RLlib MultiAgentEnv Compatibility
This page explains how CollectiveCrossingEnv aligns with Ray RLlib's MultiAgentEnv API and how to plug it into RLlib training.
Reference: RLlib MultiAgentEnv API.
API Conformance
CollectiveCrossingEnv follows RLlib's multi-agent return signatures:
- Observations:
Dict[AgentID, obs] - Rewards:
Dict[AgentID, float] - Terminated:
Dict[AgentID, bool]with global key "all" - Truncated:
Dict[AgentID, bool]with global key "all" - Infos:
Dict[AgentID, dict]
Agent IDs are stable strings like boarding_0, boarding_1, exiting_0. After reset, active agent IDs are available via env.agents.
possible_agents, agents, and _agents
- possible_agents: The superset of agent IDs that can appear for a given configuration (e.g., all boarding/exiting indices). This is static for a fixed config and useful for pre-declaring spaces.
- agents: The dynamic set of currently active agent IDs. Populated on
resetand may shrink as agents terminate. Step/return dicts are keyed by this set. This matches RLlib’s expectation that returns are dictionaries keyed by active agents each step. - _agents: Internal storage used by the environment to track active agents. Treat this as private; external code should use
agents/possible_agents.
Compatibility note: RLlib does not require possible_agents, but fully supports dynamic agent sets via dict-based returns. The environment’s use of agents for live IDs and the "__all__" key in terminated/truncated conforms to the RLlib MultiAgentEnv API.

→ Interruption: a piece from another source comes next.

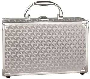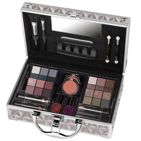 Kovový kosmetický kufřík obsahuje tvářenky, stíny, rtěnky, laky na nehty, aplikátory na stíhy, štětce, pilník na nehty a děliče na prsty.

Observation/action spaces are exposed per-agent via helpers like env.get_observation_space(agent_id) and env.get_action_space(agent_id) and are gymnasium-compatible, as expected by RLlib.
Reset and Step
reset(seed) -> (obs_dict, info_dict)returns initial observations and infos for all agents.step(actions_dict) -> (obs, rewards, terminated, truncated, infos)returns per-agent dicts and setsterminated["__all__"]/truncated["__all__"]accordingly, matching RLlib's requirements.
See RLlib docs for the exact dictionary structures: Multi-agent envs.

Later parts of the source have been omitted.